If you're reading this review I am going to assume that you've read this series.  At this point, the Argeneau series has gotten repetitive at best.  What first attracted me to this series was Sands injection of humour into the stories.  Unfortunately, that strain of humour that keeps these books interesting simply wasn't in this novel.  Hungry for You is formulaic and absolutely forgettable.  Cale is absolutely indistinguishable from any other love interest in this genre.  Let the man titteh begin. Another problem with Cale is that I didn't really feel his age.  Sure, he didn't watch television, occasionally messed up modern slang and couldn't use a microwave but none of that gave me a sense that I was reading about a 2,000 year old immortal.  

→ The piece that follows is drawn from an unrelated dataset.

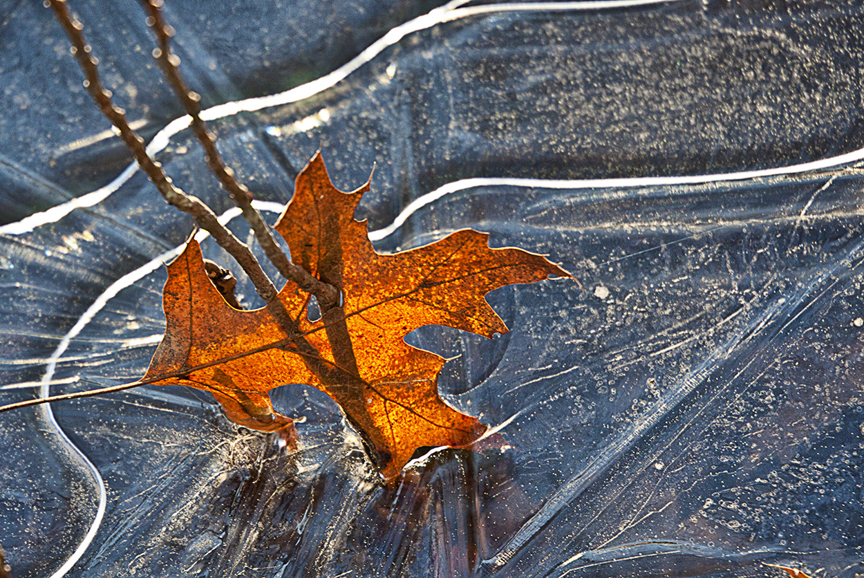 Going over files from last year and found this one. When the weather starts getting colder, I like looking for interesting ice patterns in streams or along lakes and hopefully with an item in the composition for a focal point. I found this leaf stuck in a small twig above this ice formation. I liked the early morning low sun backlighting the leaf, adding warmth, highlighting textures & patterns in the ice. Photographed with a Canon Eos 1D MkIII with a Canon 70-300mm f/4.5-5.6 DO IS USM @ 300mm, 1/100 @ f/8, ISO 400. I also used High Pass Sharpening in Photoshop to help bring out details & textures in the ice and leaf.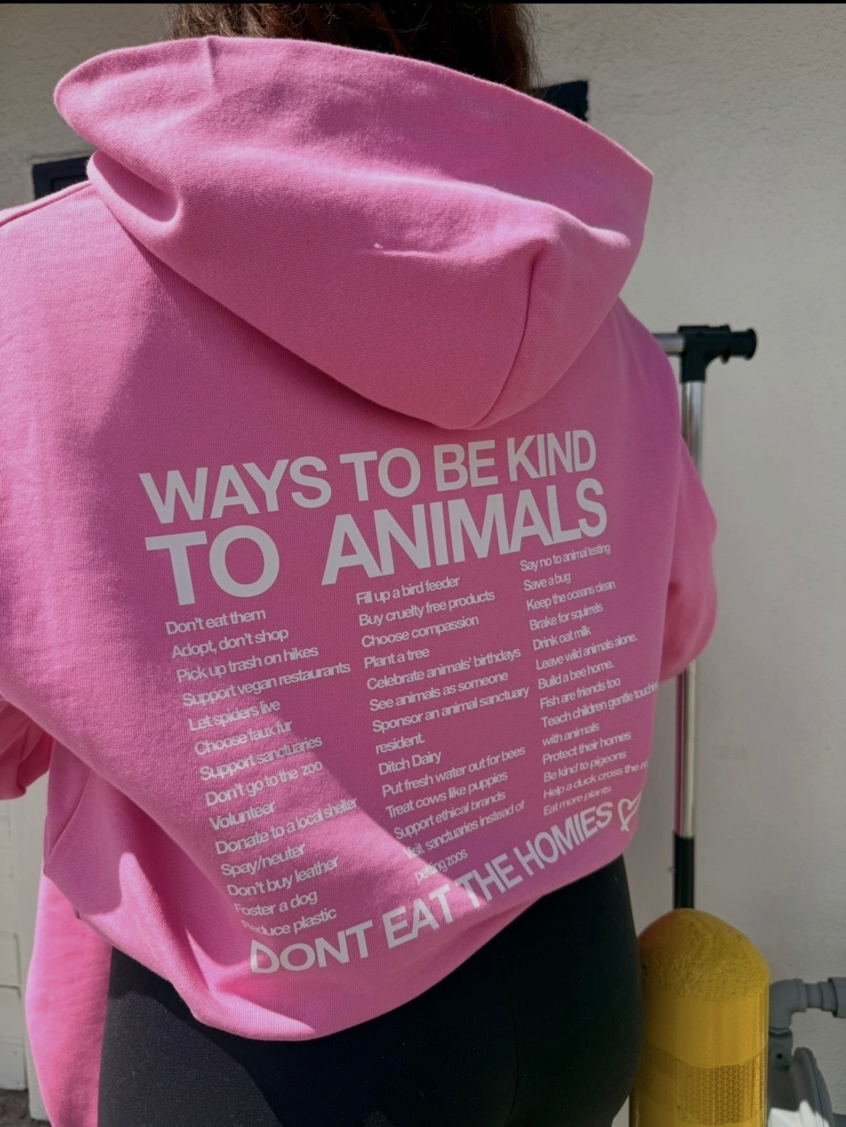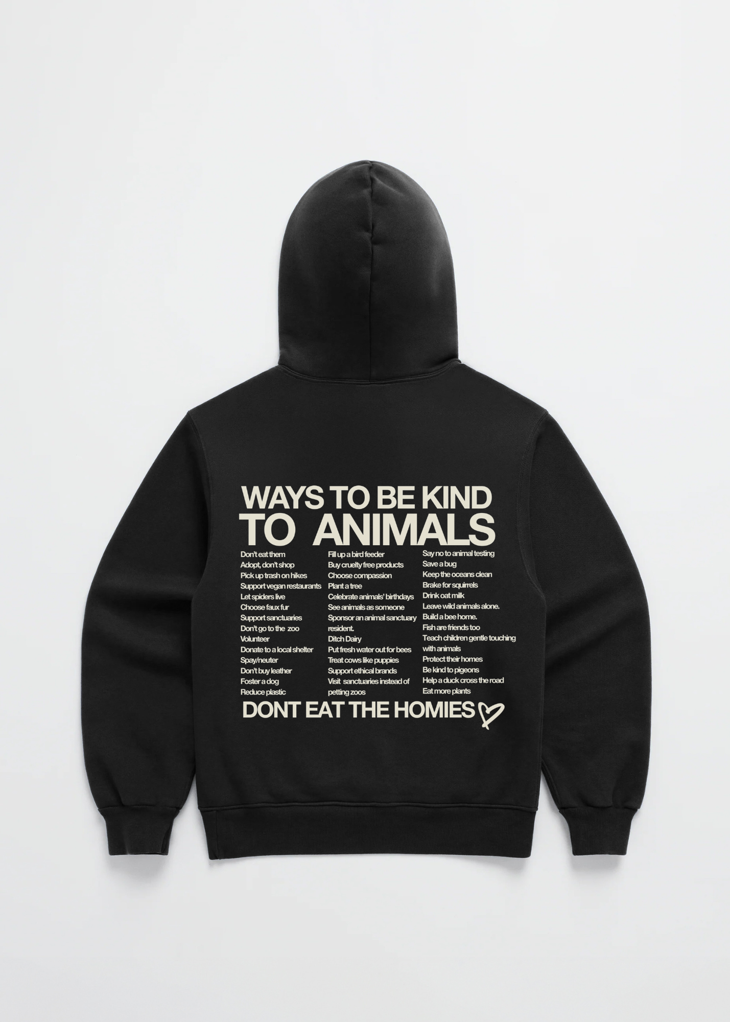 This midweight hoodie features our new Ways To Love Animals graphic on the back and a smaller accent heart on the chest. Made from 80% Cotton and 20% Recycled Polyester, this hoodie is perfect for everyday wear.

In terms of Alex, I really like that she's a modern, independent successful woman.  She comments briefly about the sexism in the culinary industry and I really wish that Sands had gotten into this more deeply.  Instead, Sands made Alex's strength come largely from the people that she has lost: grandfather and parents.  Far too often just killing off and isolating the female protagonist is how authors had depth and I think this tactic did Alex a disservice.  Yes, her sister Sam was in the background but Sam's main role really became about pairing off Alex more than working to support her.  

It really irked me that members of the Argeneau family quite liberally controlled Alex - particularly Bricker.  Sure, their intentions were good but it served the purpose of removing Alex's agency.  What irks me is that Alex, like many of the female love interests, seems to have no real lasting issue with this. Sure it led to her making a tin foil hat which was mildly amusing but certainly didn't make up for her lack of real concern about the loss of her autonomy.

Like many books in the Argeneau series, Sands tries to include some mystery or something that lovers have to deal with before they can declare HEA.  In this case, someone is trying to stop the opening of Alex's new restaurant.  Cue Cale to the rescue.  Before he arrived, Alex was barely treading water and very much in danger of having the opening ruined.  Once Cale arrives, he fixes the problems with her distributors and workmen.  This is supposed to show that they are a good match because Cale is detail and task oriented while Alex is creative.  First off, this line of plot is absolutely gender essentialist and then, there's the issue that it's male love interest swooping in to deal with big issues the little woman cannot handle.  Why have Alex deal with sexism in the culinary industry, only then to twist her career and relationship in a very gender binary fashion? It makes absolutely no sense whatsoever.

One of the things that deeply irked me about the book is that Hungry for You is set in Toronto.  I know Toronto very well because that's where I grew up.  Toronto is easily the most multicultural city in Canada and yet Sands decided to make it all White and throws in one disposable gay couple in passing.  I found myself absolutely steaming at the lack of real inclusion.  It's absolutely not representative of the city that I call my home.